218 8 chunks of a scalar 64-bit integer register for use as a bit-level
219 predicate mask onto 64 vector elements would for example require 8
220 DM entries.
221
222 This would, for vector sizes of 8, solve the "chaining" problem reasonably
223 well even when two FUs (or two clock cycles) were required to deal with
224 4 elements at a time. The "compare" that generated the predicate would
225 be ready to go into the first "chunk" of predicate bits whilst the second
226 compare was still being issued.
227
228 It would also require a lot smaller DMs than the single-bit-per-element
229 ideas.
230
231 The problems start when trying to allocate bits of predicate to units.
232 Just like the single-DM-row per entire scalar reg case, a shadow-capable
233 Predicate Function Unit is now required (already determined to be costly)

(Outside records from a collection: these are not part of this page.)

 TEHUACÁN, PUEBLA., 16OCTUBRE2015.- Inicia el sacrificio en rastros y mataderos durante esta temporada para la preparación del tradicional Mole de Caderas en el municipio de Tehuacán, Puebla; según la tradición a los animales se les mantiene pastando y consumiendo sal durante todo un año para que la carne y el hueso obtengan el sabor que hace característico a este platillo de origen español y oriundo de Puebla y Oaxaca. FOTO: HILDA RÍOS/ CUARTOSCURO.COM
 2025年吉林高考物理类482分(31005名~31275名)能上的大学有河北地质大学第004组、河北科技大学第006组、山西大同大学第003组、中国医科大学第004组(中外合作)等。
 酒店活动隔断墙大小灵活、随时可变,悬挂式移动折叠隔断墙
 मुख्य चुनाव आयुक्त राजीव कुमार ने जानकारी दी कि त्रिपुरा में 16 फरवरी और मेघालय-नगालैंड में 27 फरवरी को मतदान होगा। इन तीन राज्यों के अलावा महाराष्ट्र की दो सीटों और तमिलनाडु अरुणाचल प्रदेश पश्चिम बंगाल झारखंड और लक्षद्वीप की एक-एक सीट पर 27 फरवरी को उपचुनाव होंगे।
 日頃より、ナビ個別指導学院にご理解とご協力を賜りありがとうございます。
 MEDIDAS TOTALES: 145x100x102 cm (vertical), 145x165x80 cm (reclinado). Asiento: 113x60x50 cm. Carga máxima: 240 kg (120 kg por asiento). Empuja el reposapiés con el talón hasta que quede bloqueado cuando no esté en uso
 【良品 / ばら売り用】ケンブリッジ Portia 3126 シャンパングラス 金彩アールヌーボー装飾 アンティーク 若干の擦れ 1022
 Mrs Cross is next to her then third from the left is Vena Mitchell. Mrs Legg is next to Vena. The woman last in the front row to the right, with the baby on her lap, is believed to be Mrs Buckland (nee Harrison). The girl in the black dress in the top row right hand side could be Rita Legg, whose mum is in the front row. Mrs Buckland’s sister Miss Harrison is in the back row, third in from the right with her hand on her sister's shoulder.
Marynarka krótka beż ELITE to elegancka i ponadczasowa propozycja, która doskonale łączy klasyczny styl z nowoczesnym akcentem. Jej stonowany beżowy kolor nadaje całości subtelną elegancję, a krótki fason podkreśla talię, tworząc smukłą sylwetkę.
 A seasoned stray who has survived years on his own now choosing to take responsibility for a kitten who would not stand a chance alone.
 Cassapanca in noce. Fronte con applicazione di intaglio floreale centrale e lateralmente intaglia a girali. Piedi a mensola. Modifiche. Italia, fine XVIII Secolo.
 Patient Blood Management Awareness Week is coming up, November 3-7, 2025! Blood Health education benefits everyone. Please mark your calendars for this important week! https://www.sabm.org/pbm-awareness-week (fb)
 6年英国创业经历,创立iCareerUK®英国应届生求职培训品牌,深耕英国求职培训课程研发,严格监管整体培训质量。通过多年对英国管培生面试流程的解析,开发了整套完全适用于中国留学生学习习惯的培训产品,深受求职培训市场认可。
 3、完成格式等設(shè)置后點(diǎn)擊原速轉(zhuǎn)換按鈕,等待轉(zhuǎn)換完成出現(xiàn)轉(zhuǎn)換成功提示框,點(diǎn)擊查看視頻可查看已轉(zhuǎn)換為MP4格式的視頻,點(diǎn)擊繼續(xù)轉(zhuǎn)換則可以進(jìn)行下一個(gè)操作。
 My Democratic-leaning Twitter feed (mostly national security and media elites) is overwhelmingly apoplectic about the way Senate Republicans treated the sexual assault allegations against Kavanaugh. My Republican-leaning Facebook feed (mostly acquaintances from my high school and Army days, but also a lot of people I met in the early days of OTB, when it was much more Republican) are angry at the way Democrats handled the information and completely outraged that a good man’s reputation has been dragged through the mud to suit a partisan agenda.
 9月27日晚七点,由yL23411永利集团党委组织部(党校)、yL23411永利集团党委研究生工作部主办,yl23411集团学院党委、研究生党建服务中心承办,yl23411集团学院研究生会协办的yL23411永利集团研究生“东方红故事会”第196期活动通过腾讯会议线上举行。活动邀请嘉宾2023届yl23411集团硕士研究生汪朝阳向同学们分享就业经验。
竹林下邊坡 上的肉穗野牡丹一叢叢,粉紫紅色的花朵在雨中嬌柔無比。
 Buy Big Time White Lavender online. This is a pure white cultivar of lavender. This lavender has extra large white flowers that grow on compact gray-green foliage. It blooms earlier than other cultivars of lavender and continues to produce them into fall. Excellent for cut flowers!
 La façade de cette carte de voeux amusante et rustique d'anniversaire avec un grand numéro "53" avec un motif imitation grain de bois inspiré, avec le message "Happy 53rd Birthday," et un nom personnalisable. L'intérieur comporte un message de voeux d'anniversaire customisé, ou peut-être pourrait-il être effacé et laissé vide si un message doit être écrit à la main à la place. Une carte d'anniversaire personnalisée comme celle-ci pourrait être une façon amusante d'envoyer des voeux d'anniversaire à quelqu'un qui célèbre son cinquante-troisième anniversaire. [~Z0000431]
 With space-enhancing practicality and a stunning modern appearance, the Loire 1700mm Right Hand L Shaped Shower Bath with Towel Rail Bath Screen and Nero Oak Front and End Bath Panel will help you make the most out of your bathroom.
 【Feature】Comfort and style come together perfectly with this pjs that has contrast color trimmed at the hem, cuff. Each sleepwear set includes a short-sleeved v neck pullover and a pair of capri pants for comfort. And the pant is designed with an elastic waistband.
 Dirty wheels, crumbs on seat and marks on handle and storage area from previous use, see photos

234 except now if there are 8 chunks requiring 8 Predicate FUs *the problem
235 is now made 8x worse*.
236
237 Not only that but it is even more complex when trying to bring in virtual
238 register cacheing in order to bring down overall FU-REGs DM row count,
239 although the numbers are much lower: 8x 8-bit chunks of scalar int
240 only requires 8 DM Rows and 8 virtual subdivisions however *this is per
241 in-flight register*.
242
243 The additional complexity of the cross-over point between use as a chunked
244 predicate mask and when the same underlying register is used as an actual
245 scalar (or even vector) integer register is also carried over from the
246 bit-level DM subdivision case.
247
248 Out-of-order systems, to be effective, require several operations to
249 be "in-flight" (POWER10 has up to 1,000 in-flight instructions) and if
250 every predicated vector operation needed one 8-chunked scalar register
251 each it becomes exceedingly complex very quickly.
252
253 Even more than that, in a predicated chaining scenario, when computing
254 the mask from a vector "compare", the groupings are troublesome to
255 think through how to implement, which is itself a bad sign. It is
256 suspected that chaining will be complex or adversely affected by certain
257 combinations of element width.
258
259 Overall this idea which initially seems to save resources brings together
260 all the least favourable implementation aspects of other proposals and
261 requires and combines all of them.